Statistics Indonesia (BPS) data shows that rice production surpassed its consumption, rendering a surplus of about 2.85 million tonnes in 2018. Wholesale data has shown a 10 per cent increase in the last three years from 10,915 Indonesian rupiah (US$0.78) per kilogram in 2015 to 12,054 Indonesian rupiah (US$0.86) in 2018. This steady hike reflects a growing dependency on rice sold in the market.

Disruption in the subsistence system of rice at the household level consequently brings more problems to food security. Many paddy fields in Jambi province, for instance, are left abandoned. This is also where palm oil is gaining increasing popularity among farmers. The choice of producing palm oil is not without reason.

At the micro-level, households continuing to plant rice are encountering labour constraints. Farmers used to apply a communal rotating system, where households worked together to plant one plot before moving to another, ensuring planting was done before the rainy season’s end. This system of reciprocal and mutual assistance gradually disappeared as community obligation loosened and households increasingly worked independently.

Hiring labourers means more working capital has to be made ready in addition to seed, fertiliser and pesticide capital. This is less of a problem with palm oil, as farmers can easily borrow from palm fruit traders to be paid after harvest time.

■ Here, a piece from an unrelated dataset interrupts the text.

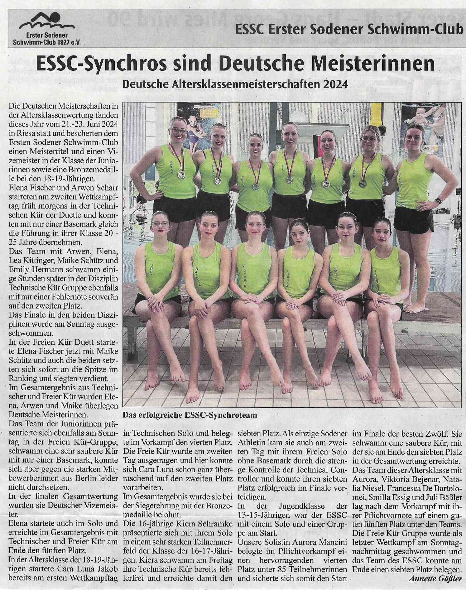 Die Deutschen Meisterschaften in der Altersklassenwertung fanden dieses Jahr vom 21.-23. Juni 2024 in Riesa statt und bescherten dem Ersten Sodener Schwimm-Club einen Meistertitel und einen Vizemeister in der Klasse der Juniorinnen sowie eine Bronzemedaille bei den 18-19-Jährigen.
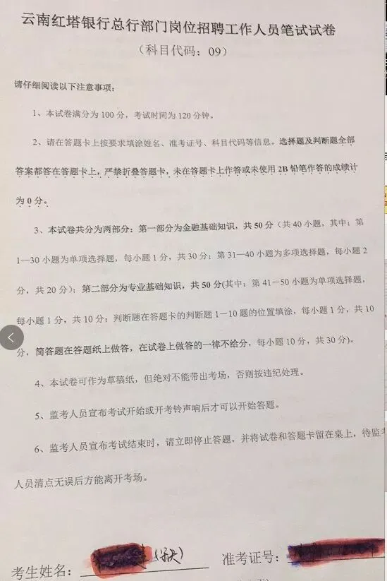 1. 云南红塔银行笔试:

At the macro-level, the expansion of big plantations and processing industries near villages further intensifies the labour constraints faced by household producers. Labour allocation becomes more complicated as labourers prefer working in industrial plantations rather than village or household paddy fields.

Avoiding risk, these farmers enjoy secured incomes as employees. Proximity to these processing industries brings further security to palm oil farmers. This is why it is not easy for farmers to switch to other crops, such as durian, whose markets are more uncertain, even when the President encourages them to.

A further attraction for farmers from the macro-level perspective is that palm oil prices tended to be stable, particularly relative to other estate crops like rubber and coconut. Meanwhile the price of rice is intentionally kept affordable for consumers. Consequently the incentives to be rice consumers, rather than rice producers, are greater.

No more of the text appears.